● **Available data**
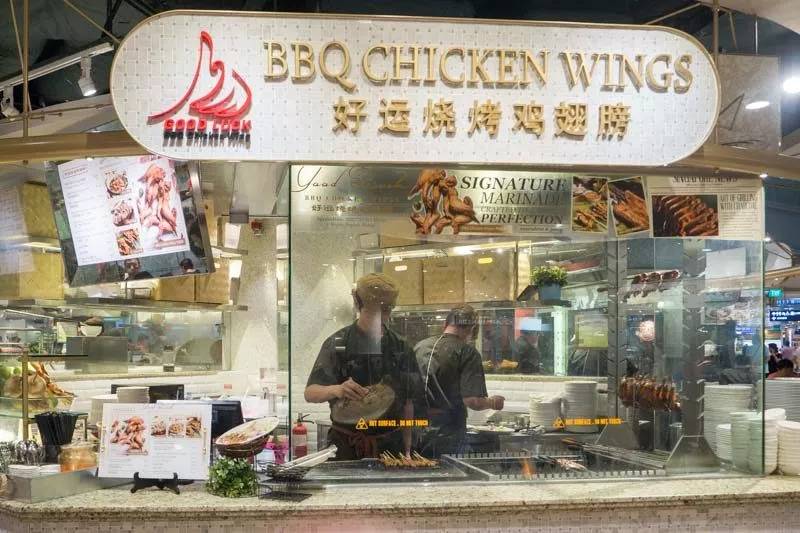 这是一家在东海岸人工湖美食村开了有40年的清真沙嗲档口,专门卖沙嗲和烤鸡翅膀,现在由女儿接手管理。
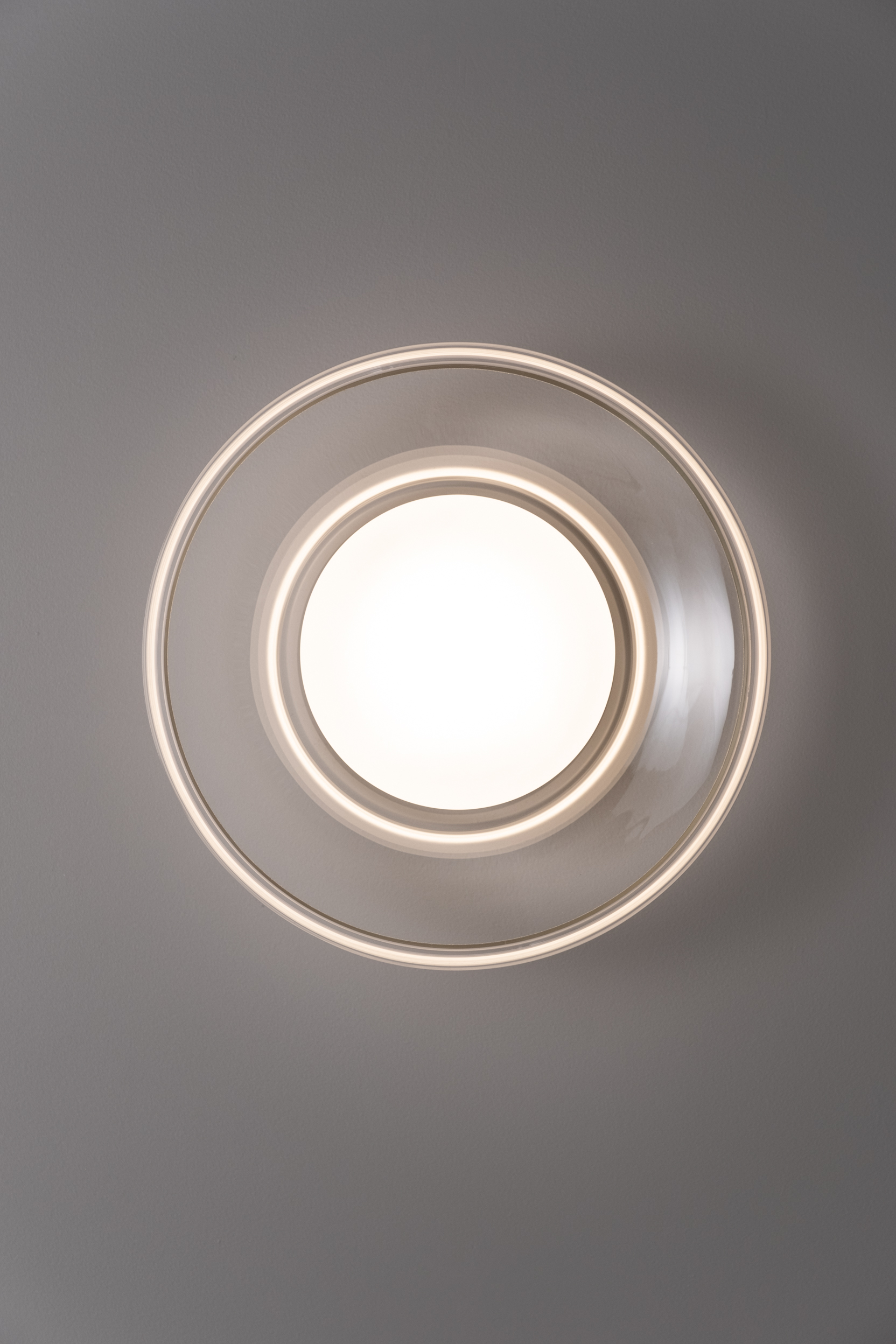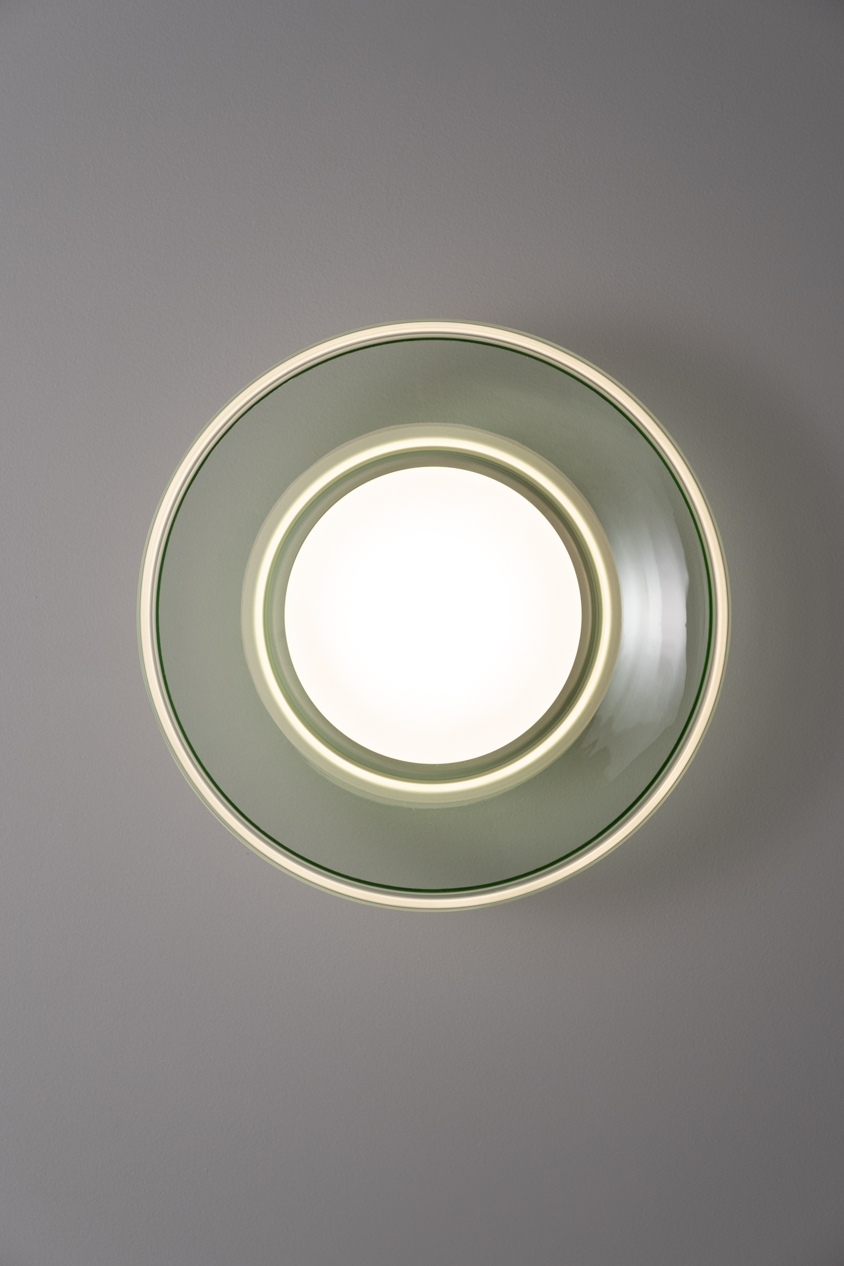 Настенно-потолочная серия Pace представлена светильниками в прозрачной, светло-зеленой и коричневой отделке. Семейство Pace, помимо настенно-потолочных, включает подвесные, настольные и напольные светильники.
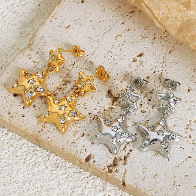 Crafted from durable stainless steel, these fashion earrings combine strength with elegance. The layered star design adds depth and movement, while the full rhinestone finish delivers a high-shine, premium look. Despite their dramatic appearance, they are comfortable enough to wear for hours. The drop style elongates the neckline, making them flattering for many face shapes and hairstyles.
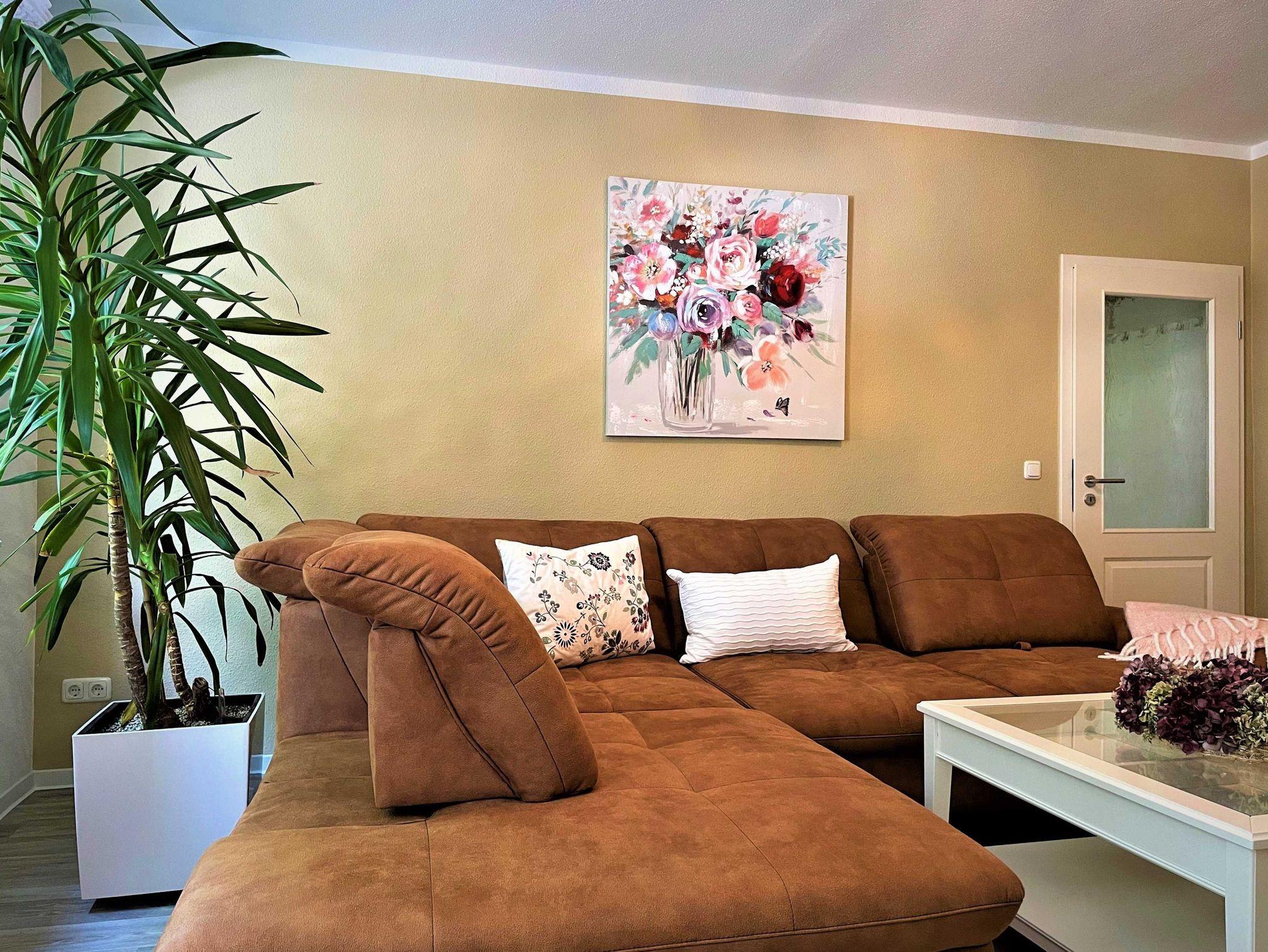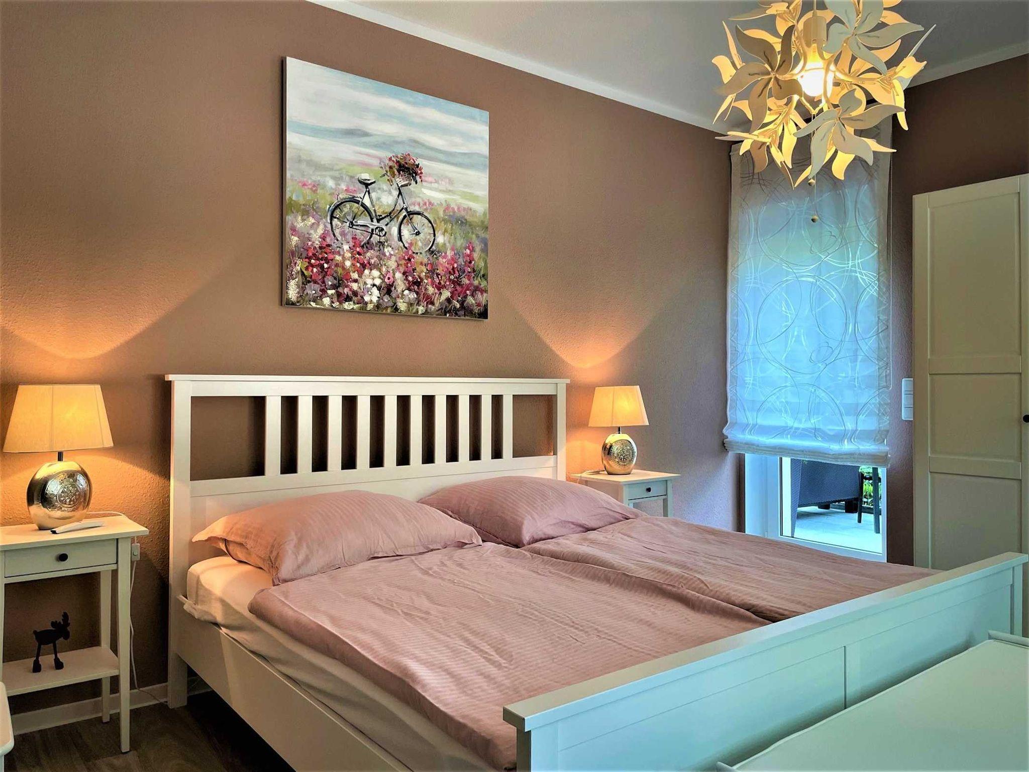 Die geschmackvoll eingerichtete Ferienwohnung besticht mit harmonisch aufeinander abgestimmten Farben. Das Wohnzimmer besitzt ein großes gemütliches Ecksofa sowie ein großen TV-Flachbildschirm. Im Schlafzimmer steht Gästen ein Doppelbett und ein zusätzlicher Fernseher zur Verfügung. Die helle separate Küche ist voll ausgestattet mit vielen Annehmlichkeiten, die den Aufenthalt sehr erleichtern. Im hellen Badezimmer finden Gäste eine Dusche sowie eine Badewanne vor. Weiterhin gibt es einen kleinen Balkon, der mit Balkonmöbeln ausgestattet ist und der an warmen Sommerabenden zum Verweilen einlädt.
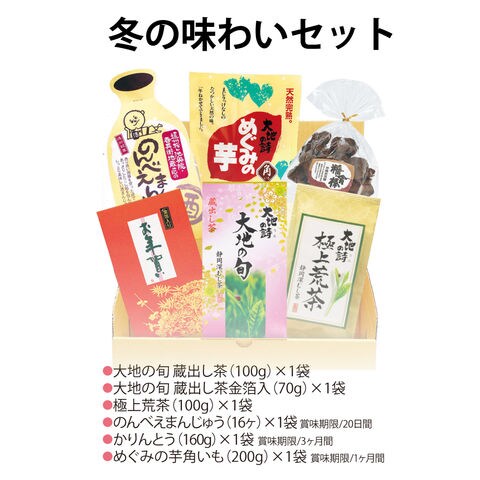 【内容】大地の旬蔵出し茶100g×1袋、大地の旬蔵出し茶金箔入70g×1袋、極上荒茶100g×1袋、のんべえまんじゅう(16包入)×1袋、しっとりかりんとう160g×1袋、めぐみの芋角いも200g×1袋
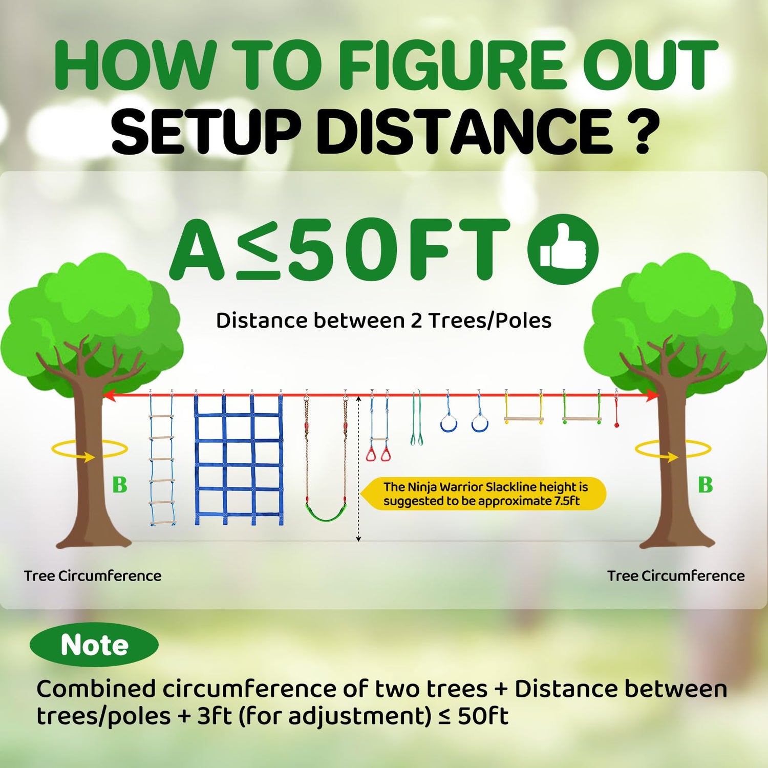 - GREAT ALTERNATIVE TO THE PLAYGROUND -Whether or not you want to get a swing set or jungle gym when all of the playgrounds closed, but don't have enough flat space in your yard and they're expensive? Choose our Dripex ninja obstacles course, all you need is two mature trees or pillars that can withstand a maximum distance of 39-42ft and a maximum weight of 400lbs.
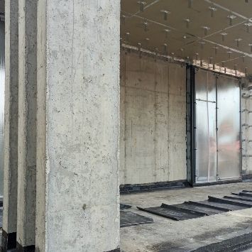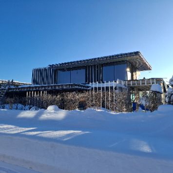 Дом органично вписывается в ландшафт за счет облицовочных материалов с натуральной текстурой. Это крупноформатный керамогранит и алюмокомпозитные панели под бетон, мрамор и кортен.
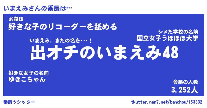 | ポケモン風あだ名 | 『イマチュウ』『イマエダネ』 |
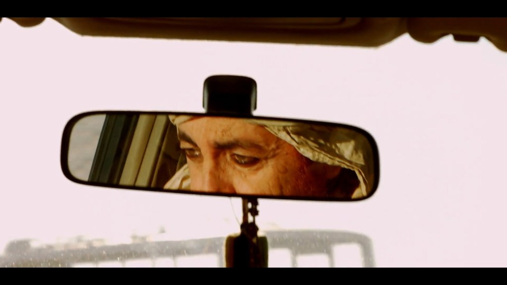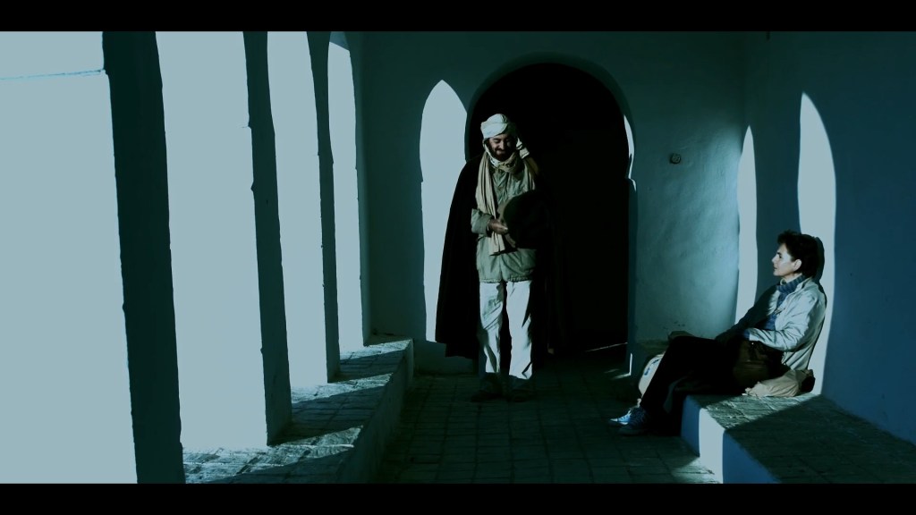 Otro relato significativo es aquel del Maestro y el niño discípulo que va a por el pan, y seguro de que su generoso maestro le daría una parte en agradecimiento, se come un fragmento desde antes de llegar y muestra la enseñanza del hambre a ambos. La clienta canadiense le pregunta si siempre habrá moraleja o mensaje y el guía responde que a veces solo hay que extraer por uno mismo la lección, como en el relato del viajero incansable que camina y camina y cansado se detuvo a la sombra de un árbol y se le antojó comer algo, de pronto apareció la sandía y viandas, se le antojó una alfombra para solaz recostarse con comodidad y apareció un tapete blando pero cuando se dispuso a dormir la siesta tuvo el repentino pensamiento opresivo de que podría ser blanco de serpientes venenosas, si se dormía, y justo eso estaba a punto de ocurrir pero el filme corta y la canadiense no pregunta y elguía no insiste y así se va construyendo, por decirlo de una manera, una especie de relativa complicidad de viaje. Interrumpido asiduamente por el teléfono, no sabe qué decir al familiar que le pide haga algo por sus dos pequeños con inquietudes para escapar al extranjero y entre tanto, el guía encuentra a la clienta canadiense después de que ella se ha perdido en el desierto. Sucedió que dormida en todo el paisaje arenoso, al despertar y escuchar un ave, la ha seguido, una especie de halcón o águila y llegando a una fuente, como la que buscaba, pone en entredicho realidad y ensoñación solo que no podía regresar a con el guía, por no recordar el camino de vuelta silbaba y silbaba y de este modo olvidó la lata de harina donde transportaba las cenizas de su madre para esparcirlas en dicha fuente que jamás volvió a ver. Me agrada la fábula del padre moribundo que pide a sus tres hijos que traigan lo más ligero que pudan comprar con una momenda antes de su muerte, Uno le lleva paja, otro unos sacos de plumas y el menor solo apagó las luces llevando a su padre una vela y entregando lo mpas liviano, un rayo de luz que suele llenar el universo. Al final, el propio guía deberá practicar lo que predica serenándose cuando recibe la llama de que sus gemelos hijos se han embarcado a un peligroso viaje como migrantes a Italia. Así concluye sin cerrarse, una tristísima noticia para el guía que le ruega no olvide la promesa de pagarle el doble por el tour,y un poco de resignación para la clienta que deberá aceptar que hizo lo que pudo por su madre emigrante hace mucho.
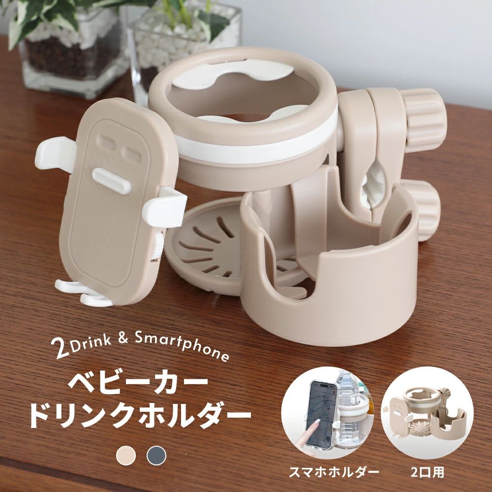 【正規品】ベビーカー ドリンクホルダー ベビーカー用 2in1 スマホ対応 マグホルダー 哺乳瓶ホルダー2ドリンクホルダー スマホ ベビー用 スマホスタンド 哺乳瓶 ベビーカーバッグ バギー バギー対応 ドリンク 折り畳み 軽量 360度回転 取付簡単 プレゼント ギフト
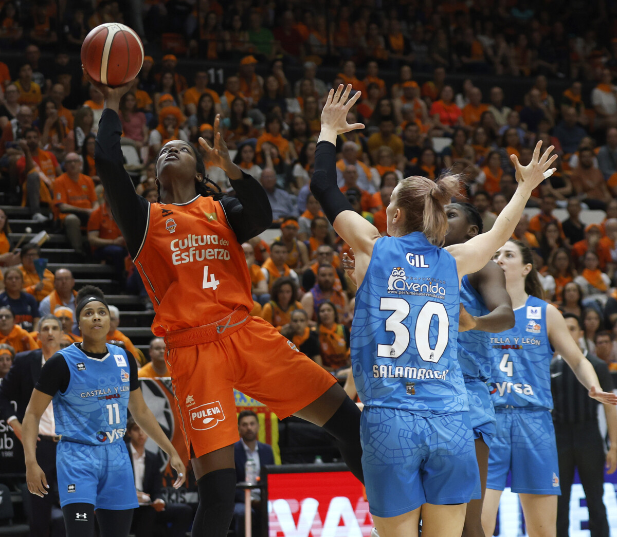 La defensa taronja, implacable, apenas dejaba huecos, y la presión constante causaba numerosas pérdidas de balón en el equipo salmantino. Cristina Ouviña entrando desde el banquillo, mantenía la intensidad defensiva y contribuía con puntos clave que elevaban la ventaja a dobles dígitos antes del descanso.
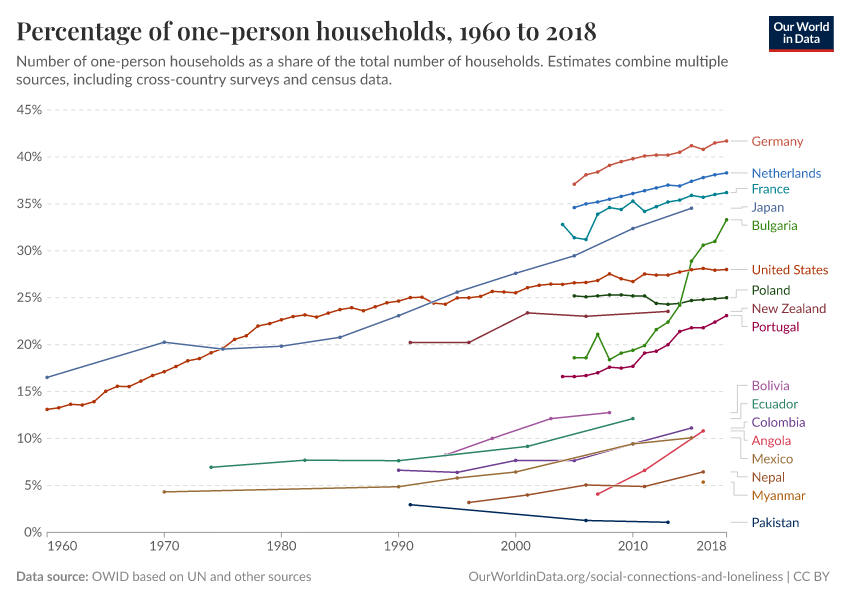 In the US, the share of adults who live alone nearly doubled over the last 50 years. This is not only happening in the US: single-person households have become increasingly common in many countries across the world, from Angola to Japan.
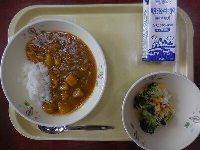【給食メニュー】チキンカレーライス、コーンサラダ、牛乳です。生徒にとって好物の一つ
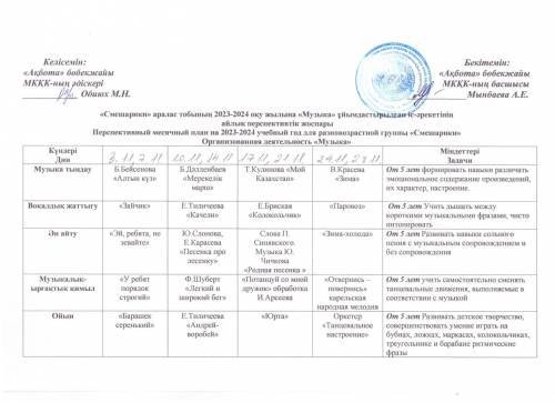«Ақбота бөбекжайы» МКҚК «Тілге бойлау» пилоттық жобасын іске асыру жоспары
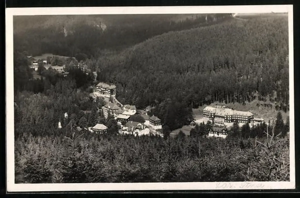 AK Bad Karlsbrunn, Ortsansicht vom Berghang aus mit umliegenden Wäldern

● **What you should do**
Look above for the line containing "- GREAT ALTERNATIVE", then write out every line from there down to the line containing "ポケモン風あだ名 | 『イマチュウ』『イマエダネ』 |", that line included, with no pictures.

● **Written response**
 - GREAT ALTERNATIVE TO THE PLAYGROUND -Whether or not you want to get a swing set or jungle gym when all of the playgrounds closed, but don't have enough flat space in your yard and they're expensive? Choose our Dripex ninja obstacles course, all you need is two mature trees or pillars that can withstand a maximum distance of 39-42ft and a maximum weight of 400lbs.
 Дом органично вписывается в ландшафт за счет облицовочных материалов с натуральной текстурой. Это крупноформатный керамогранит и алюмокомпозитные панели под бетон, мрамор и кортен.
 | ポケモン風あだ名 | 『イマチュウ』『イマエダネ』 |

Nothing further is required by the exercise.